(Records for this task)

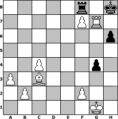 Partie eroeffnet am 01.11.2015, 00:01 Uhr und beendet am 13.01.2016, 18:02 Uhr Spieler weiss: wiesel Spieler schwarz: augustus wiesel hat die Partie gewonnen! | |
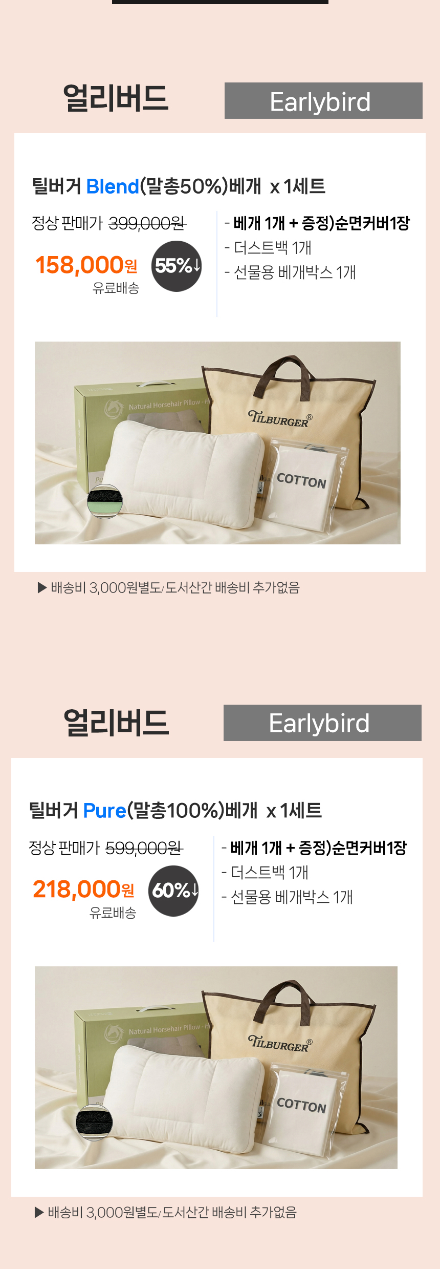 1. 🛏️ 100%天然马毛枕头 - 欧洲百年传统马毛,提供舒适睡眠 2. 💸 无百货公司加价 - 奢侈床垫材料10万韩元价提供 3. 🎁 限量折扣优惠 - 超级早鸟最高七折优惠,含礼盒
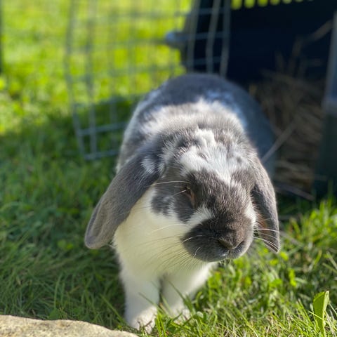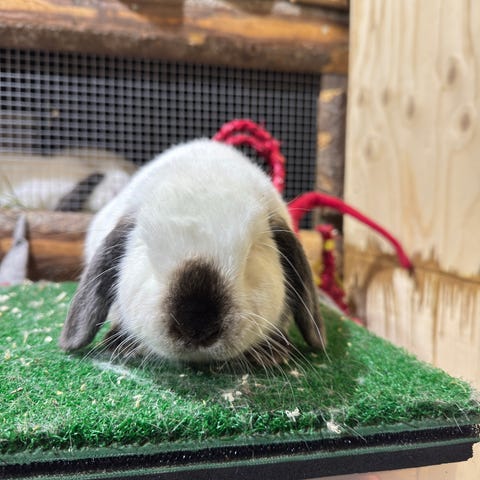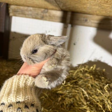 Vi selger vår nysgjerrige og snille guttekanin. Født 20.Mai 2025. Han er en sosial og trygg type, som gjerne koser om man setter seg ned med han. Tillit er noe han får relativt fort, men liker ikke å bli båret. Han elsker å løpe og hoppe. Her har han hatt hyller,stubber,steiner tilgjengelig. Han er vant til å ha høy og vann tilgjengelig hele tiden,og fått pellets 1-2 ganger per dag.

(End Records for this task)
(Records for this task)

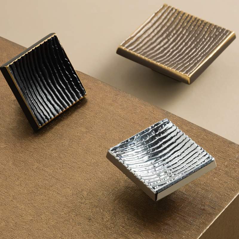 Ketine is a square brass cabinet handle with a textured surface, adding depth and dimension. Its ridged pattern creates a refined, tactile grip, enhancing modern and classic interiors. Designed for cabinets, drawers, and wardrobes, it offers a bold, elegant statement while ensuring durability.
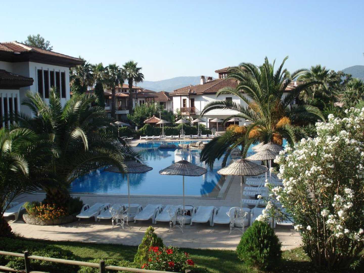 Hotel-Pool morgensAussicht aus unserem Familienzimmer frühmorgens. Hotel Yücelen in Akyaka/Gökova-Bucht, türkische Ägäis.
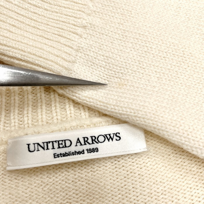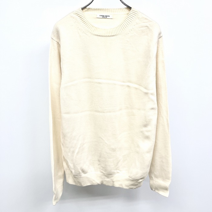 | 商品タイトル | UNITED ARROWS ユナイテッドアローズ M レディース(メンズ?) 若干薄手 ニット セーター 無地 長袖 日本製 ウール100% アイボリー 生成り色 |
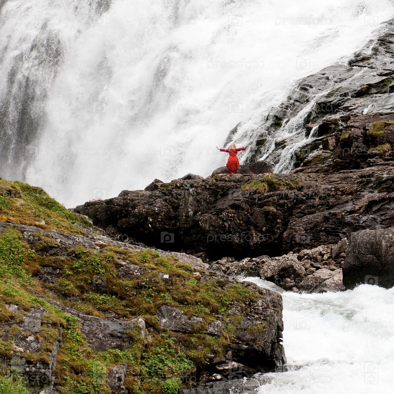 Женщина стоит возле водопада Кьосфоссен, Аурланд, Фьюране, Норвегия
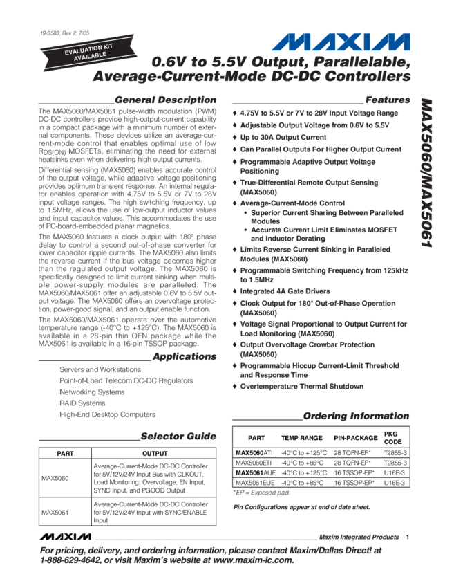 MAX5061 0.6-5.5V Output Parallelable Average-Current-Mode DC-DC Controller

(End Records for this task)
(Records for this task)

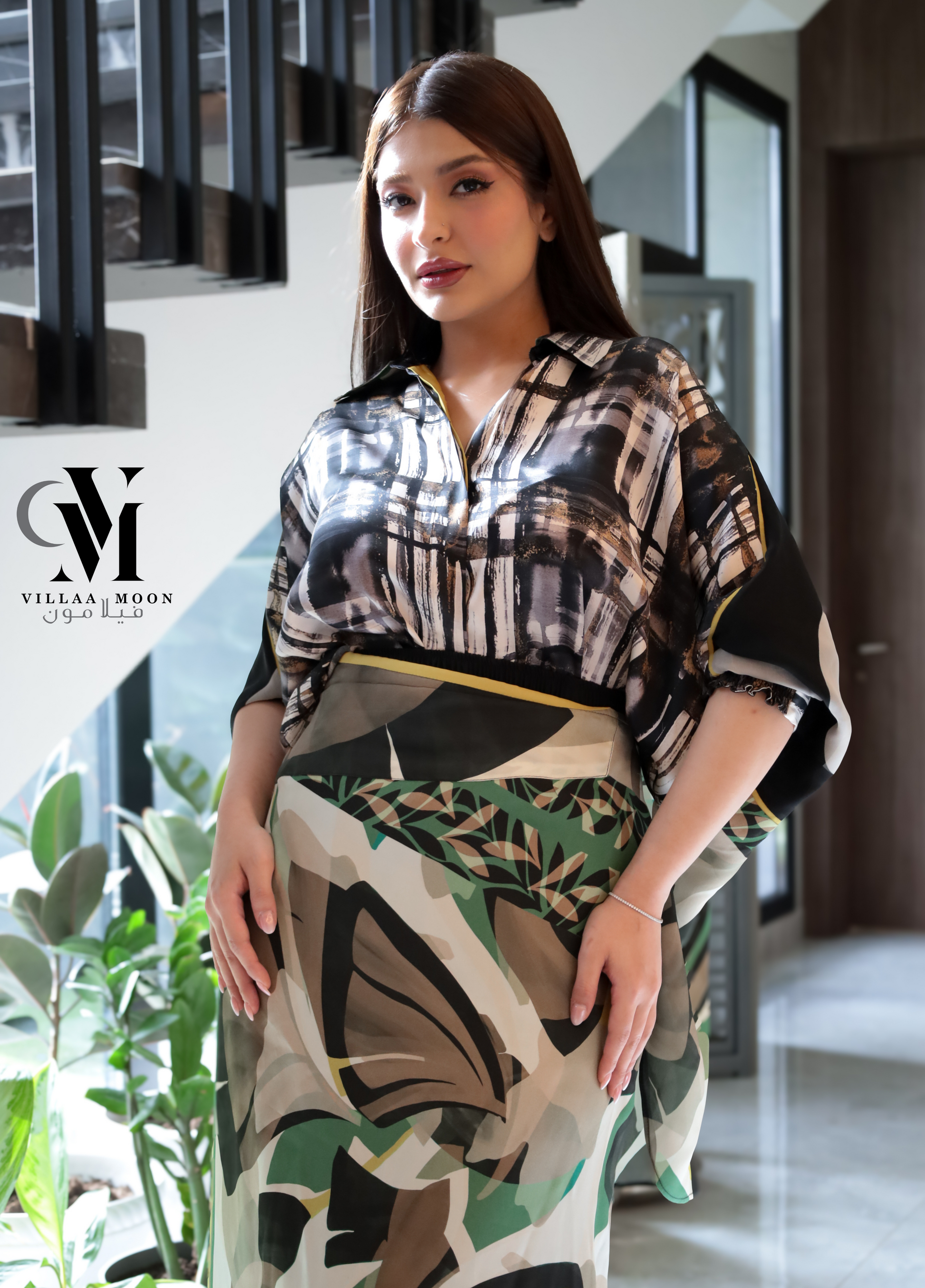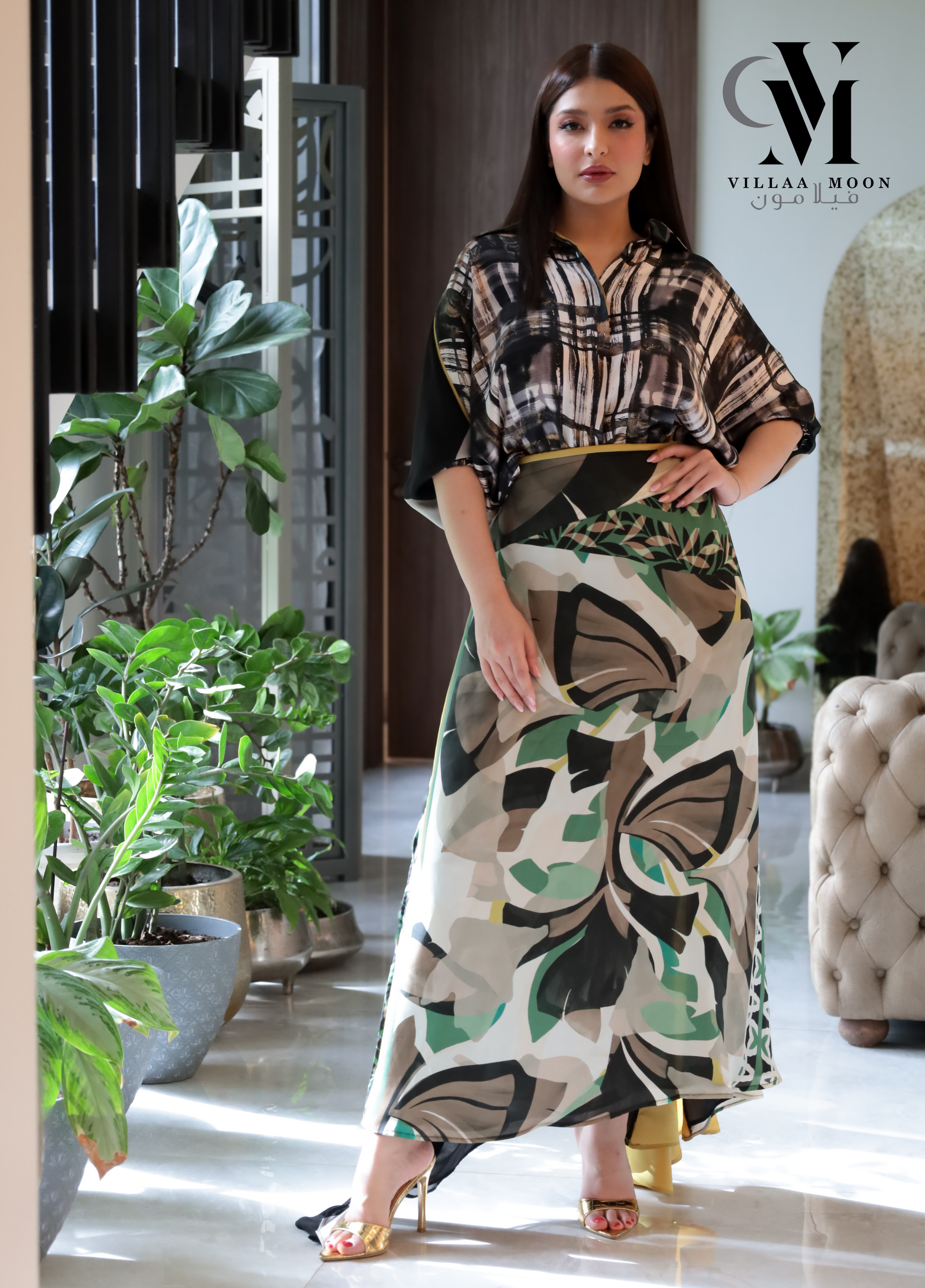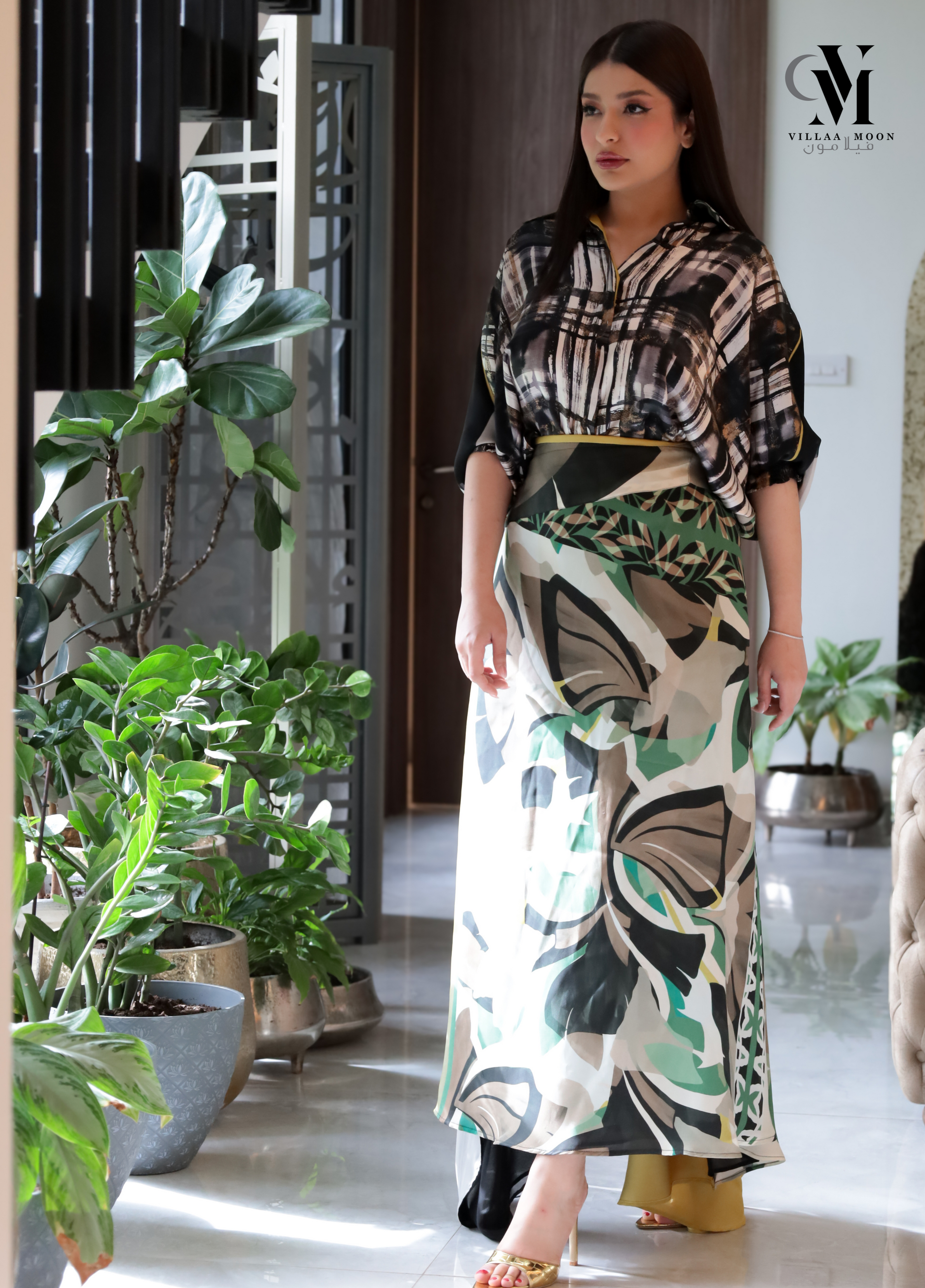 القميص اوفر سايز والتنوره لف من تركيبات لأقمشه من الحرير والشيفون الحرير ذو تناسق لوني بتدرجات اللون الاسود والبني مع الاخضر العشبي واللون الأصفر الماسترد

(End Records for this task)

Task requirements >> Now transcribe the lines above exactly, starting at the line containing "アイボリー 生成り色 |" and ending at the line containing "MAX5061 0.6-5.5V Output", both lines included, pictures excluded.

Result of the task >>
 | 商品タイトル | UNITED ARROWS ユナイテッドアローズ M レディース(メンズ?) 若干薄手 ニット セーター 無地 長袖 日本製 ウール100% アイボリー 生成り色 |
 Женщина стоит возле водопада Кьосфоссен, Аурланд, Фьюране, Норвегия
 MAX5061 0.6-5.5V Output Parallelable Average-Current-Mode DC-DC Controller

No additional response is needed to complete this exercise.